Sermon, November 24, 2002
Last Pentecost -- Proper 29, Year A
The Rev. Lowell E. Grisham
St. Paul's Episcopal Church
Fayetteville, Arkansas
Gospel – Matthew 25:31-46 The Sheep & the Goats
It’s pretty easy to tell the sheep from the goats, isn’t it? The sheep are the ones that are right; the goats are the ones that are wrong. It’s not that hard to pick them out, is it? The ones that see things the way I see them are sheep, of course. The ones on the other side are goats. Nothing to it.
According to election results and Gallup polls, our country has been divided for most of my adult life almost evenly, 50/50, between sheep and goats, only we call them donkeys and elephants; or should I say elephants and donkeys. For awhile the donkeys will prevail and then the elephants will win. And at each victory party the triumphant says in more or less politically correct language, "Depart from me you goats into the eternal fire prepared for the devil and his angels" and they prepare to rule in righteousness. But which one is right? And which one is wrong? It’s always pretty easy to tell.

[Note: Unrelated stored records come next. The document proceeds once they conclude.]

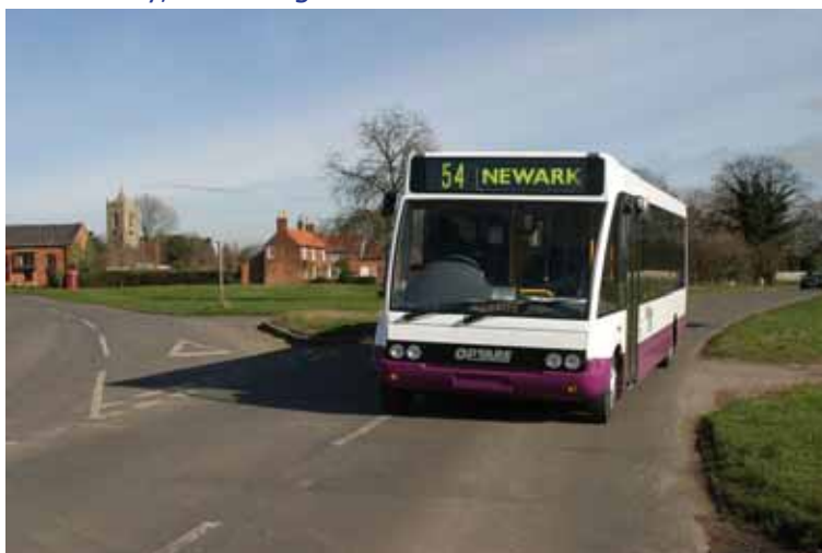
Picture 3.1 Bus service linking rural areas
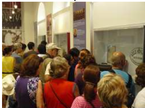
Visits at the MUHM
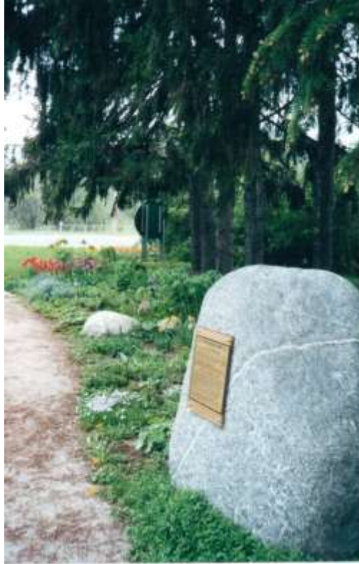
Norway Spruce Trees in Norval Park - 2014

The row of “Norway Spruce trees” along the property line of “Lilac Lawn” (475 Guelph St.) and the Norval Park boundaries were planted by the students of Norval Public School in the early 1940s.
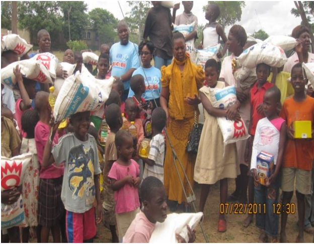
Children and staff receiving donation from TM Karoi
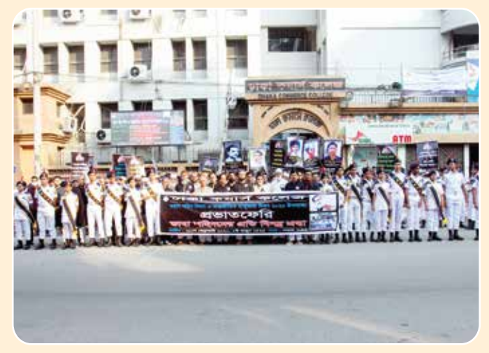
Provath Ferry on the occasion of International Mother Language Day 2020
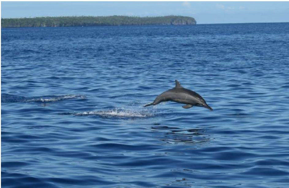
Porpoise in Tonga
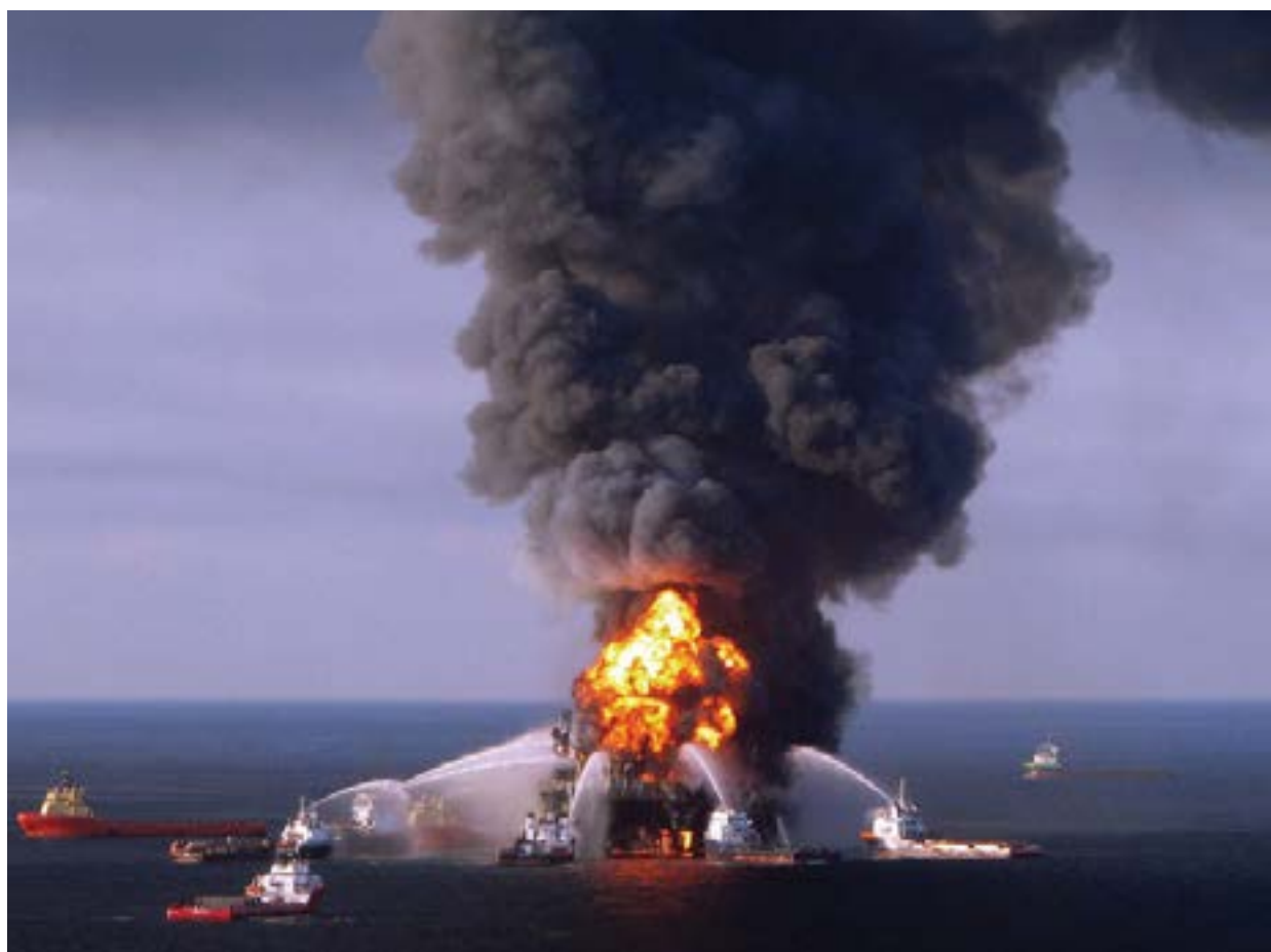
The Deepwater Horizon oil spill in 2010 killed 11 workers, injured many more, and emptied 4.9 million barrels of oil into the Gulf of Mexico.

Historically, capitalism unleashed human productivity on a massive scale. However, the defining features of capitalism – private ownership and the nation state – have now become a fetter to the further development of our
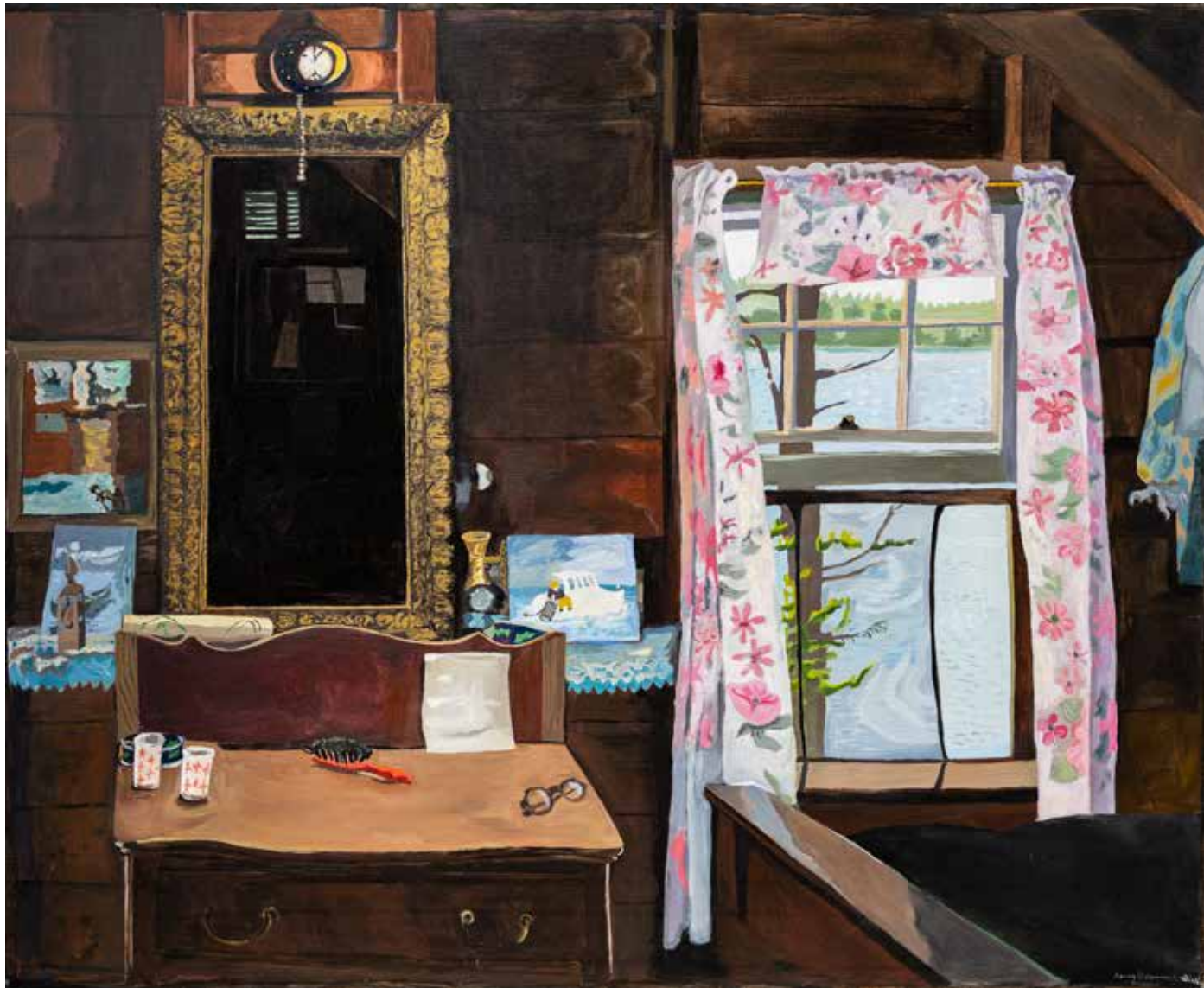
CUSHING ATTIC 1970 acrylic on canvas 40 x 50 inches
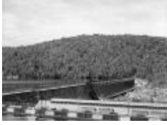
Spiers Falls Power Dam in Glens Falls, New York, 1938
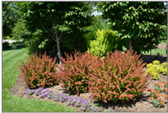
Sunjoy Tangelo Japanese Barberry

Sunjoy Tangelo Japanese Barberry is recommended for the following landscape applications;
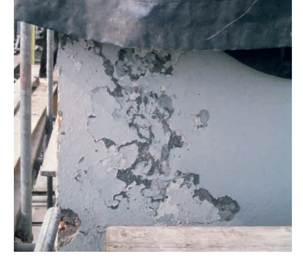
9. In several places, such as here on the chimney, Bertus Mulder discovered various remnants of render and finish coats
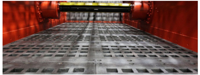
Screening: Ellipti-Flo Series™
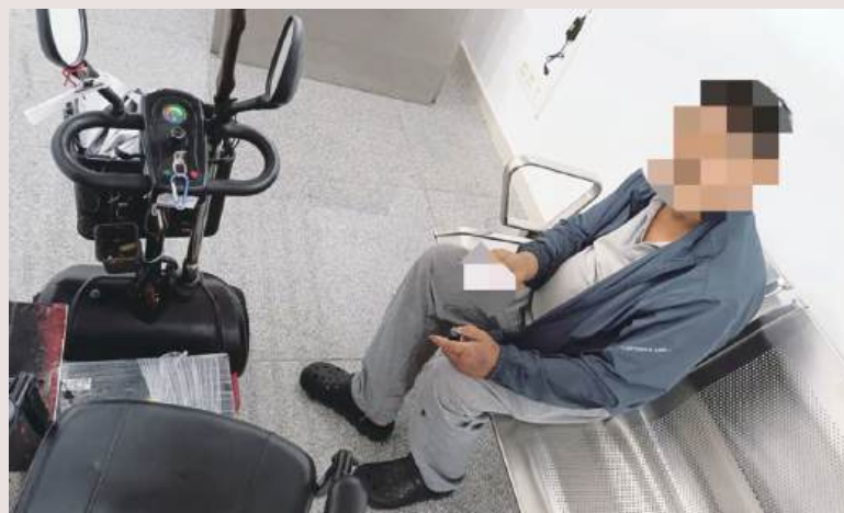
This undated handout photo provided by Zhuhai's Gongbei Customs yesterday shows the smuggler pointing at 10 laptops seized by the customs officers at Zhuhai's Gongbei border checkpoint on Sunday.
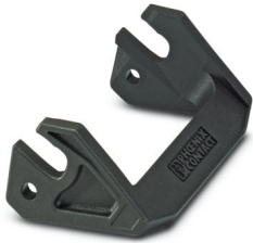
Single locking latch for B10 housing, HC-EVO....AL and HC-STA....AL

Please be informed that the data shown in this PDF document is generated from our online catalog. Please find the complete data in the user documentation. Our general terms of use for downloads are valid.
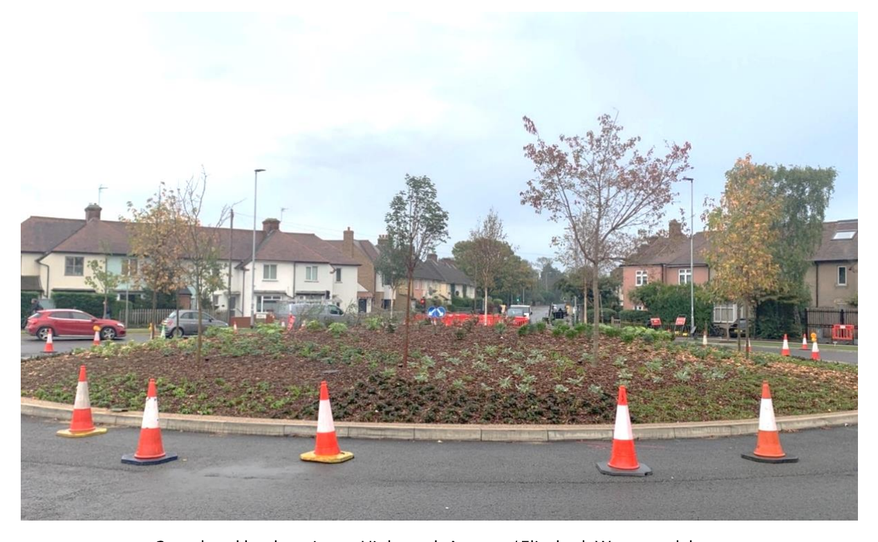
Completed landscaping at Highworth Avenue / Elizabeth Way roundabout

Since the community planting, all landscaping on the roundabout is now complete.
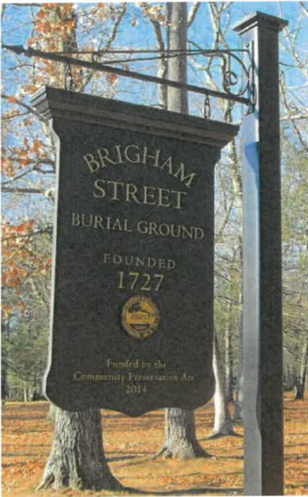
An example of the historically appropriate sign that is proposed to be set outside of the cemetery, along West St.
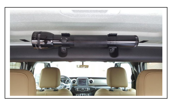
2295 N. Opdyke Rd, Suite E, Auburn Hills, MI 48326
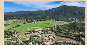
surrounding agricultural valleys.
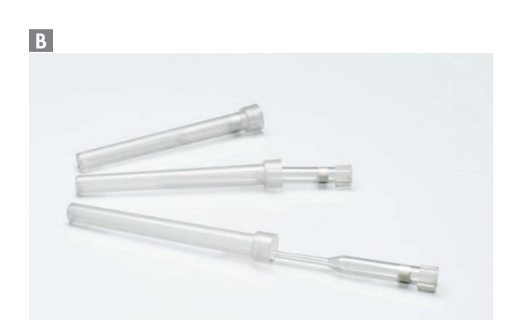
Figure 3. The EZ2 Connect Tip Rack (A) has 4 positions label A–D by engravings. It is designed to hold sample and elution tubes as well as tips in their respective tip holders (B).
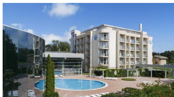
Terme Čatež - Hotel Čatež *** Bed & breakfast Half-board
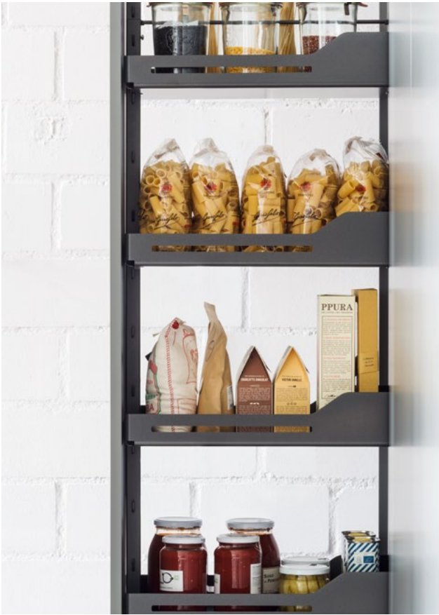
Hochschrank Standard larder pull-out: The handy front pull-out for practical kitchens
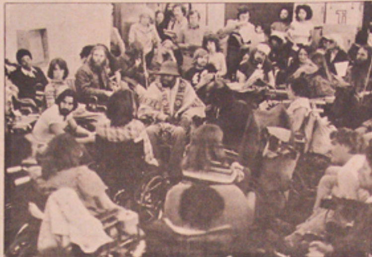
Militant disabled citizens jam San Francisco HEW office.

Further, the American Coalition of Citizens with Disabilities (ACCD) - the ad hoc organization which led eight simultaneous
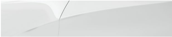
A96 Mineral White Metallic
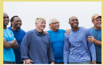
Men of Grace

Growing up in Grace was very memorable to me and I hope to some of you reading this also. Stay safe and enjoy the holidays.

The one that see it the way I see it is right, of course.
I was visiting with an old friend a couple of weekends ago – another one of those former Mississippi priests. He’s just returned from a six-month sabbatical studying community in places of profound conflict. He visited Syria, the Gaza strip, and South Africa among other places. At a retreat in Syria at a monastery for Christian-Moslem dialogue, he listened to a Dharma talk by a Buddhist master of the Aikido school of martial arts. The master demonstrated the Aikido techniques for protecting one’s enemy. "We need our enemies," the teacher said. "They help us move into a fuller understanding of truth." Therefore, he said, we must create our victory in such a way that our adversary wins also, otherwise a defeated enemy will merely wait until a more opportune time later to return stronger to the attack, and your peace will not be everlasting.
The Buddhist teacher’s wisdom is compatible with the teachings of some of the great leaders in conflict. Gandhi, Martin Luther King and Desmond Tutu are all leaders who fought courageously against powerful evils but always emphasized that the oppressors were as trapped by their oppressive system as their victims. Oppressors need liberation too – liberation from blindness and fear.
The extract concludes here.